Дверь он открыть не успел. Дверь, как только он сунул ключ в замочную скважину, распахнулась сама,
— Где дети? Где ты? Куда вы все делись? — закричала с порога жена. — Я тут с ума схожу! Не знаю, что подумать!
— Там записка. Я записку на столе оставил.
— Почему ты один? Где дети? Где?!
— У мамы. В деревне. Я их в деревню увез.
— Зачем? У них же учеба.
— Я понимаю, что учеба. Но мне сегодня на работу мать позвонила, говорит, прихворнула, какие-то предчувствия ее мучают, хочет внуков увидеть. Я подумал — пусть. Неделя в учебе ничего не решает.
— А меня ты мог предупредить?
— Не мог… То есть мог. Я тебе записку оставил. На столе.
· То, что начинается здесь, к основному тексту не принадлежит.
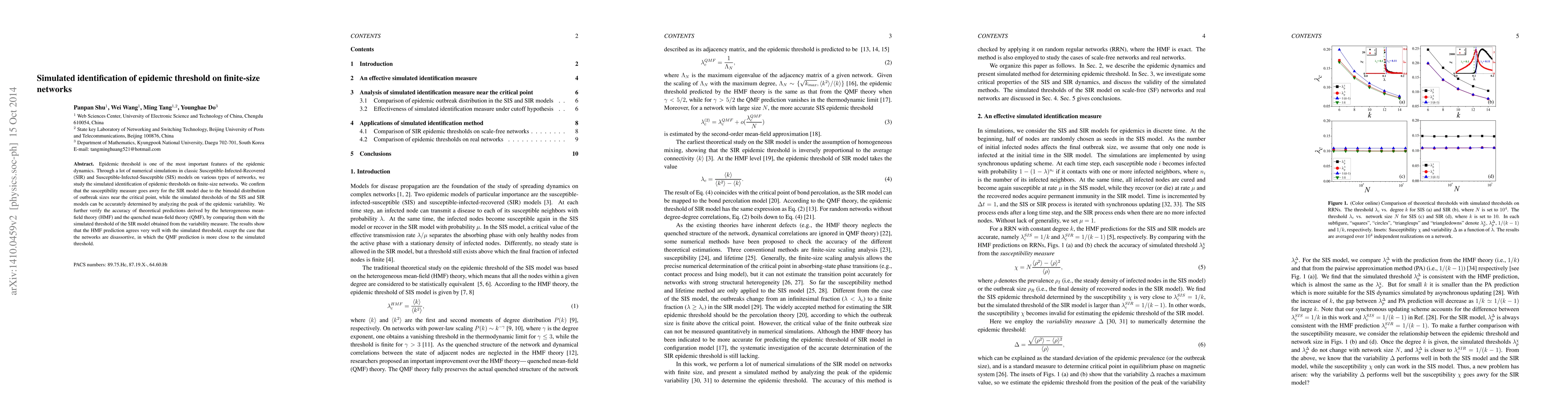 This paper investigates the identification of epidemic thresholds in SIR and SIS models on finite-size networks through numerical simulations. The study finds that the susceptibility measure fails for the SIR model due to bimodal outbreak sizes near the critical point, while thresholds can be accurately determined by analyzing epidemic variability peaks. Theoretical predictions from HMF and QMF theories are validated against simulated SIR thresholds, showing HMF's accuracy except in disassortive networks where QMF aligns better.

— Скажи, зачем ты увез детей? — еще раз, уже гораздо спокойней, спросила Татьяна, вплотную придвинувшись к мужу и заглядывая ему в глаза.
— Я же говорю — мама позвонила, попросила привезти их, потому что почувствовала…
— Пошли спать, — перебила мужа Татьяна. — Пошли. Уже два часа ночи. А тебе завтра рано вставать…
Глава 12
— Я видела у вас там объявление.
— Ну?
— Насчет рукопашного боя для женщин.
— Ну…
— Я бы хотела…
— Ну!
— Хотела записаться… То есть посмотреть.
— Спортзал. По коридору — налево. Двадцать вторая дверь.
Татьяна, беспрерывно оборачиваясь и улыбаясь вахтеру, попятилась в коридор.
— У-а-а!
Штормовым сквозняком пронесся по коридору стоголосый вскрик. Из спортивного зала.
Татьяна открыла двадцать вторую дверь.
Две сотни женщин, облаченных в серые кимоно, сидели на татами, скрестив перед собой ноги и устремив взгляды в одну сторону. В сторону прохаживающейся вдоль шведской стенки женщины, в точно таком же сером кимоно, перехваченном поперек черным поясом.
— Современная женщина может рассчитывать только на себя. Потому что не может рассчитывать на мужиков, которые выродились. Современная женщина должна уметь драться. Потому что, кроме нее, ее защищать некому. Если она умеет защищать себя, то она перестает быть слабым полом. Слабость пола определяется не вторичными признаками, но умением постоять за себя. Тот, кто побеждает в драке, тот и есть сильный пол. Кто проигрывает — слабый. Вы сильный пол. Потому что такими вас сделала я. Вы гораздо более сильный пол, чем мужики, занимающиеся в соседнем атлетическом зале и умеющие только поднимать железо. Они не мужики. Они автокары. С вторичными половыми признаками.
А теперь докажем, что это не просто слова.